Kaldı ki yargıcın aylık ve ödeneği teminatının ve yargı bağımsızlığının önkoşullarından biridir. Tartışmasız eşit olduğunu kabullendiğimiz erkler arasında da farklılıklar yaratacak yönetsel ve yasal düzenlemelere yer verilmemesinin daha doğru bir yaklaşım olacağı ve de bu yaklaşımın yargıcın ve her düzeydeki başsavcı ve savcının özlük haklarının korunması anlamında yerinde olacaktır.

Gerek yerel yargı yeri hâkimleri ile her düzeydeki başsavcı ve savcılarının gerekse yüksek yargı yeri üye, başkanlarının, başsavcı ve savcılarının aylık ve ödenekleri öncelikle milletvekili aylıklarının gerisinde kalmamalıdır.

SONUÇ

Hazırlanması ve parlementoda bu aşamada yasalaşması gerekli olan yargı taslağının eşitlik, genellik, idarenin bütünlüğü ve paralelliği gereği bu ölçütler göz önüne alınarak hazırlanması gerekir. Çünkü yargı mensupları için çıkarılmış ve aylıklarına ilişkin bulunan yasa Anayasa Mahkemesi tarafından iptal edilmiş bulunmaktadır. İptal kararının yazılan gerekçesi Resmi Gazete’de yayımlanmış olup yayını takiben altı ay içerisinde bu iptal kararının gereğinin yerine getirilmesi gerekmektedir.

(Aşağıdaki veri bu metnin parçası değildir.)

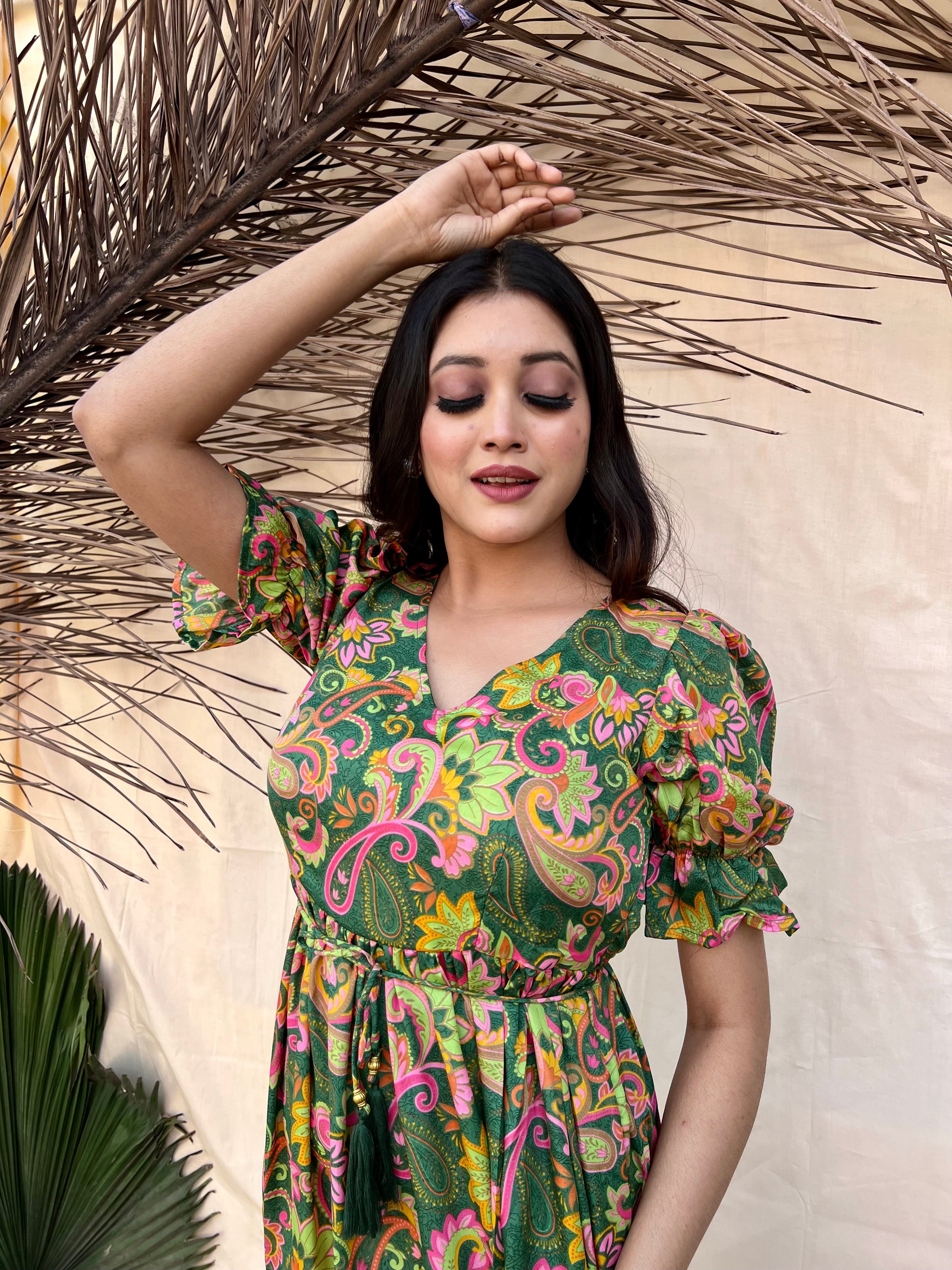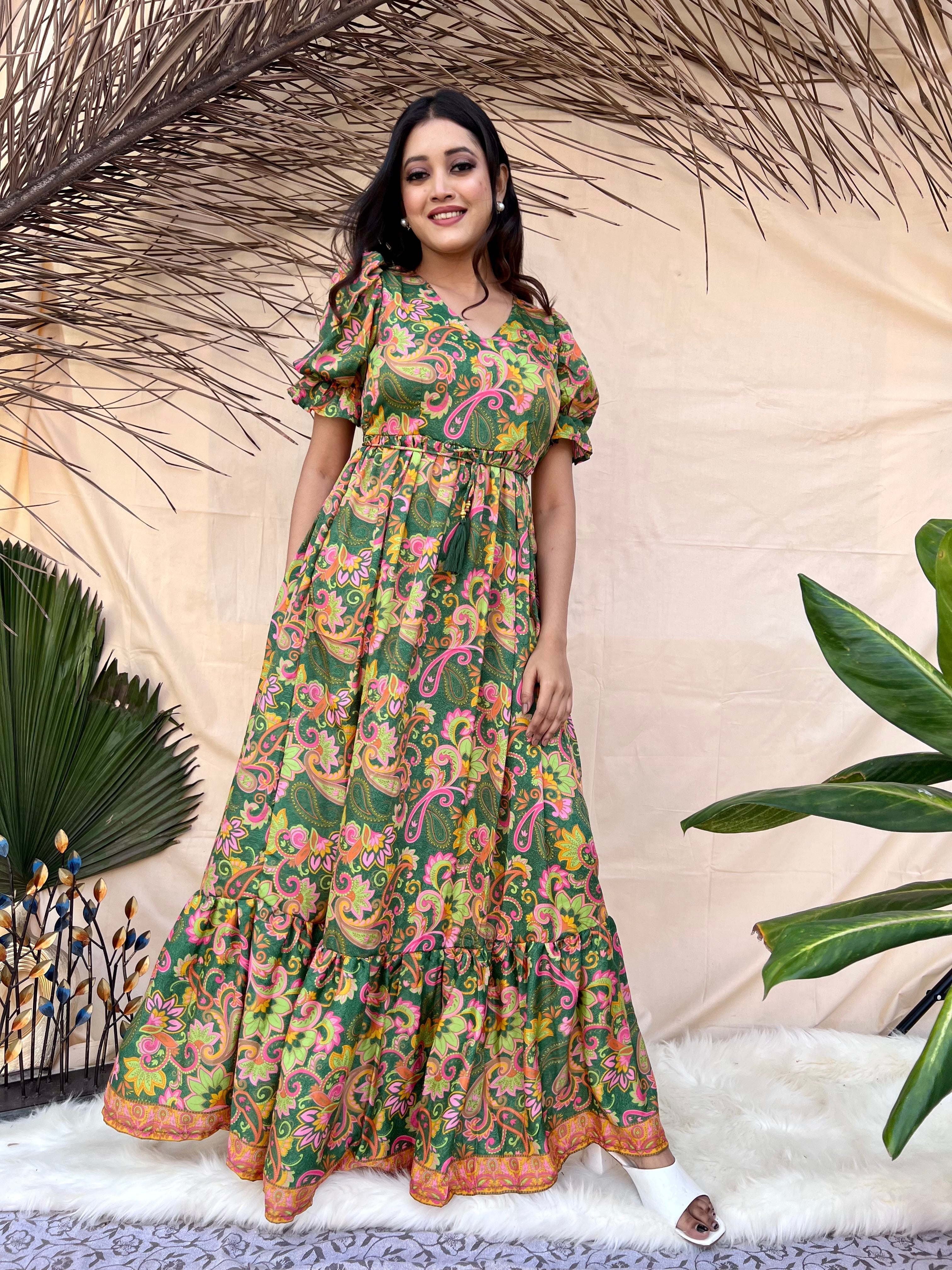 Draped in deep green hues, this boho maxi dress whispers tales of mystique and earthy charm. A symphony of style for the free spirits. 🌙✨ #BohemianElegance #MaxiMood

Anayasada, Anayasa Mahkemesi, Yargıtay ve Danıştay olmak üzere üç yüksek mahkemeye yer verilmiş olup bu üç yüksek mahkemenin hiyerarşide birbirlerine karşı önceliklerinin olduğuna ilişkin herhangi bir düzenleme yer almamaktadır.

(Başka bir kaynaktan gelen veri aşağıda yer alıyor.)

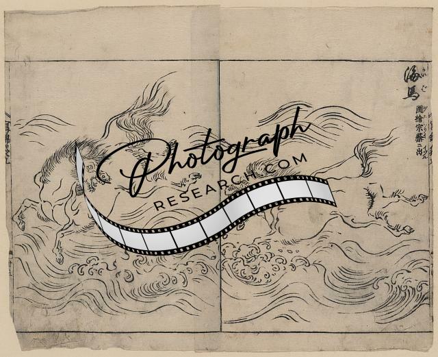 Photo of Ukiyo-e,Morikuni Tachibana,Japan,Wild Horses Running in Water,Surf,1720
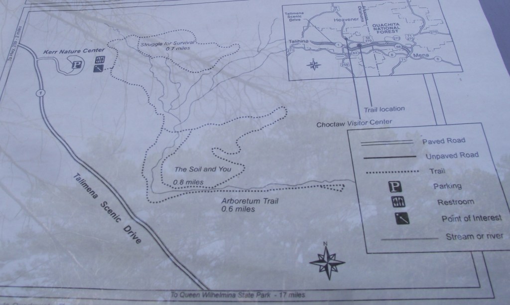 For and informative introduction to the many varieties of trees, shrubs, and flowers that are found in the Ouachita Mountain region, I visited the Robert S. Kerr Arboretum and Nature Center, where 3 unmarked trails focused on soil formation, vegetation, and ecology.
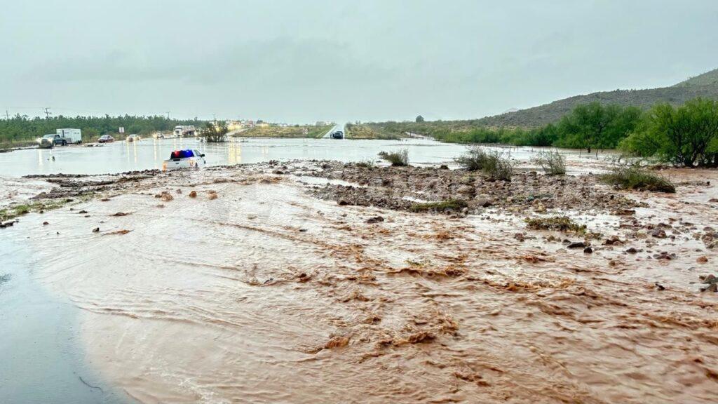 Por otra parte, en la carretera que conduce de Ciudad Juárez a Chihuahua, cerca del kilómetro 84, se presentaron inundaciones repentinas, por lo que se cerró el paso a vehículos de pequeña dimensión en el sentido norte a sur.
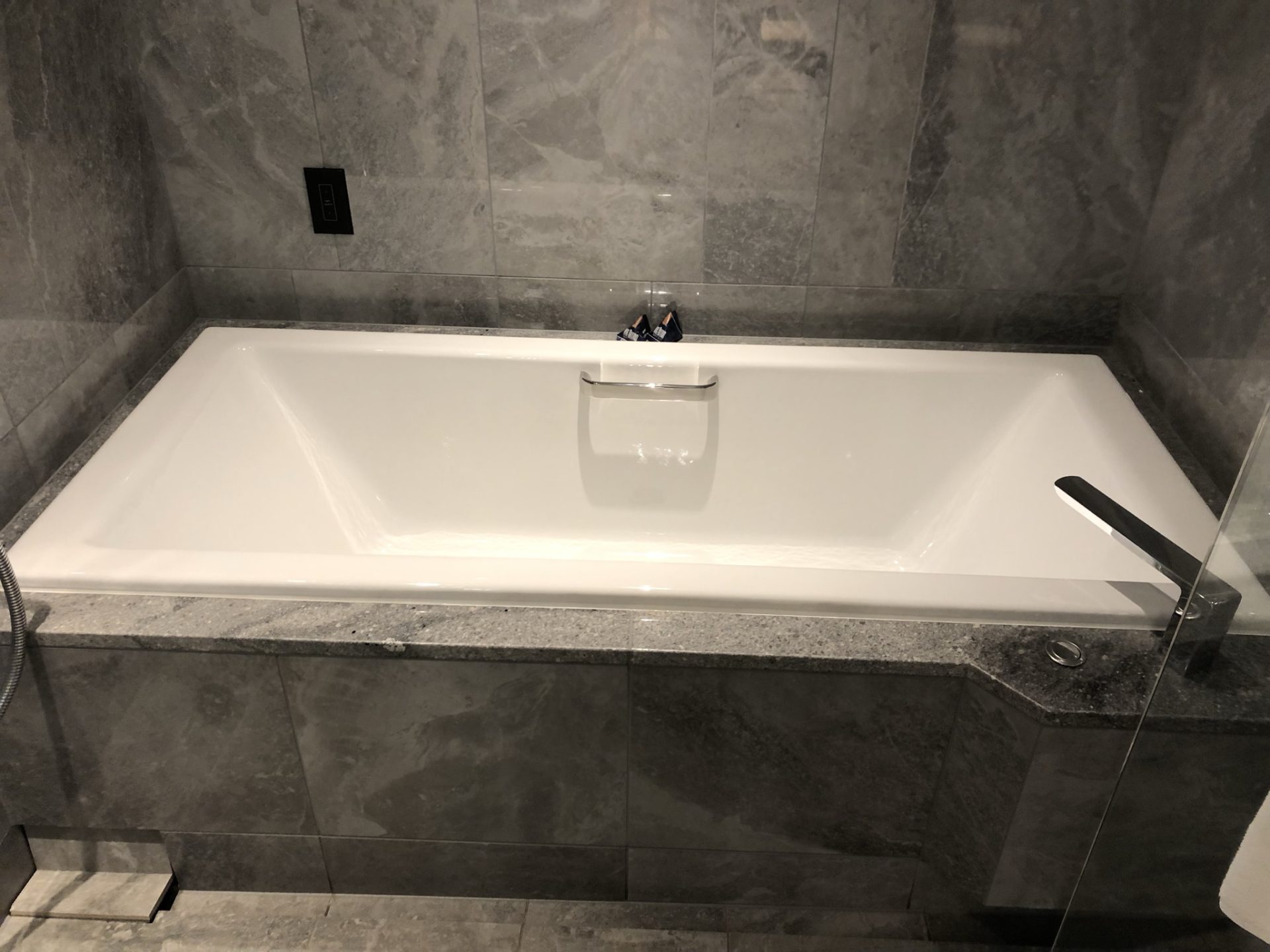 大理石の空間に広々と足を延ばせる浴槽があります。

Anayasanın hiyerarşik ayrıma yer vermediği açık olduğuna göre her üç yüksek mahkeme mensupları arasında ayrıcalık yaratacak düzenlemeye gitmek anayasanın ruhuyla bağdaşmayacağı gibi hukuk devleti ilkeleri ile de bağdaştığı söylenemeyecektir. Anayasanın kabul biçimi itibarıyla yüksek mahkemeler arasında göstermediğimiz Sayıştay meslek mensuplarının da yaptıkları hizmetin içeriği ve bugüne kadar özlük haklarının özdeş düzenlendiği dikkate alındığında kapsam içine alınmaları gerektiğini ve yetkili makamların da bu şekilde değerlendireceği konusunda kuşkumuz bulunmamaktadır.

Sonuç olarak erkler arasındaki, ayrıca yerel mahkeme ve yüksek mahkeme mensupları arasındaki hakkaniyete uygun olmayan maaş farklılığının giderilmesi; anayasanın ve hukuk devletinin olmazsa olmazıdır. Anayasa Mahkemesi’nce iptal edilen aylıklara ilişkin düzenlemenin yerine konulacak düzenleme de tabii ki Anayasa Mahkemesi’nin bozma gerekçeleri esas alınacaktır.